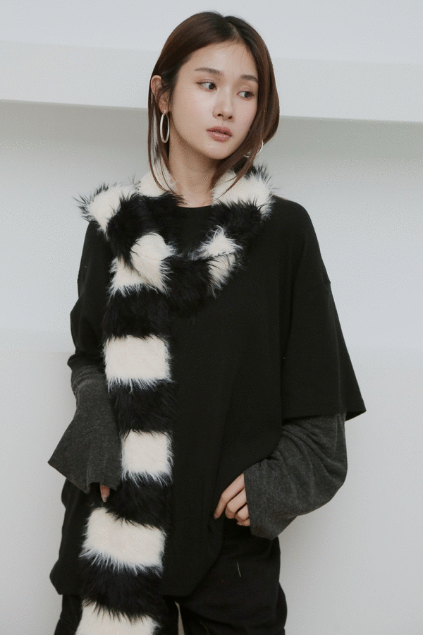 黑白條紋毛毛圍巾
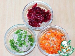 добавить мелко порубленный зеленый лук, тертую на крупной терке свеклу, мелко порезанный перец (корейская морковь по желанию) и отдельно в каждой чашке перемешать.
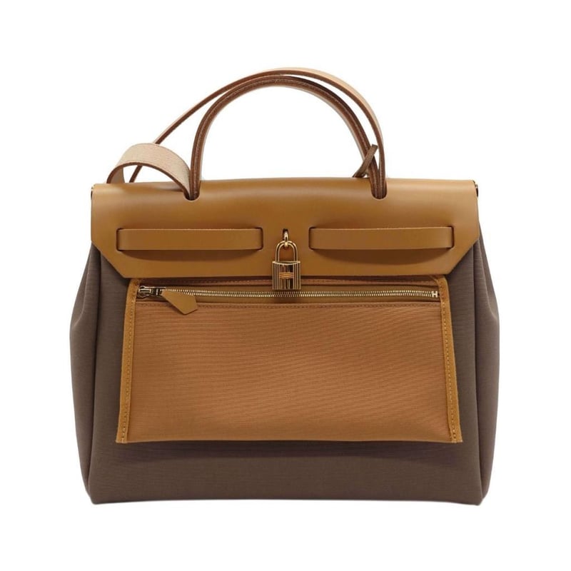 HERMES HERBAG ZIP 31 ETOUPE/DUNE CANVAS WITH FAUVE VACHE HUNTER LEATHER
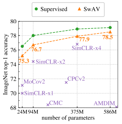 图 5:最新的方法(Swav)正在缩小与在 ImageNet 上训练的监督式方法的差距。
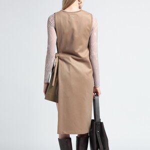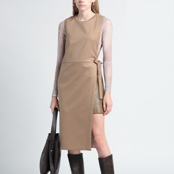 Elevated minimalism with a modern architectural edge. This Société Anonyme Chagal midi dress is crafted in Italy from luxurious wool, featuring a clean sleeveless silhouette with an elegant side slit and wrap-style tie detail that adds subtle movement and shape. The neutral camel/taupe tone makes it endlessly versatile—timeless, polished, and quietly powerful.
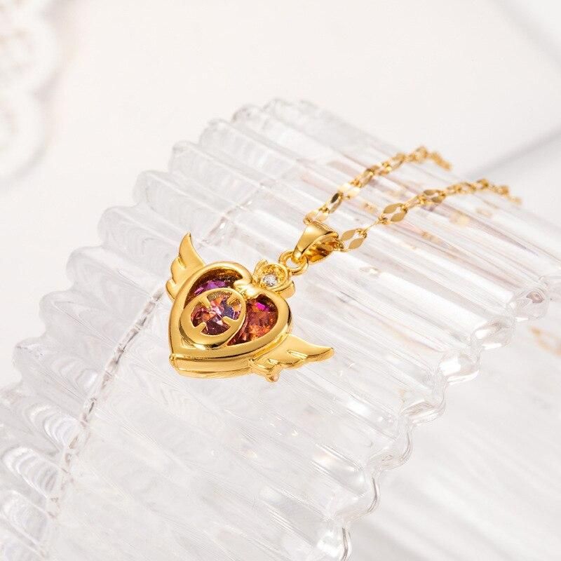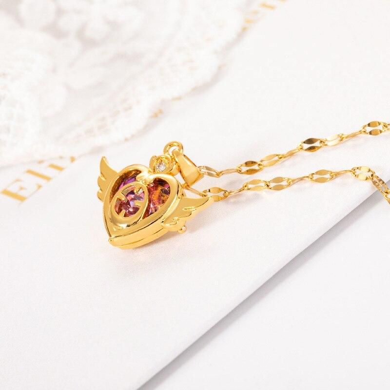 Buy Design Sense Colorful Crystal Angel Wings Love Heart Women Necklace Korean Fashion Female Stainless Steel Clavicle Chain Jewelry in Nigeria

-- -- --

Task: All that is wanted is each line, word for word, from the first line of the data to the one holding "图 5:最新的方法(Swav)正在缩小与在 ImageNet 上训练的监督式方法的差距。", with the pictures left out.

Your solution:
 黑白條紋毛毛圍巾
 добавить мелко порубленный зеленый лук, тертую на крупной терке свеклу, мелко порезанный перец (корейская морковь по желанию) и отдельно в каждой чашке перемешать.
 HERMES HERBAG ZIP 31 ETOUPE/DUNE CANVAS WITH FAUVE VACHE HUNTER LEATHER
 图 5:最新的方法(Swav)正在缩小与在 ImageNet 上训练的监督式方法的差距。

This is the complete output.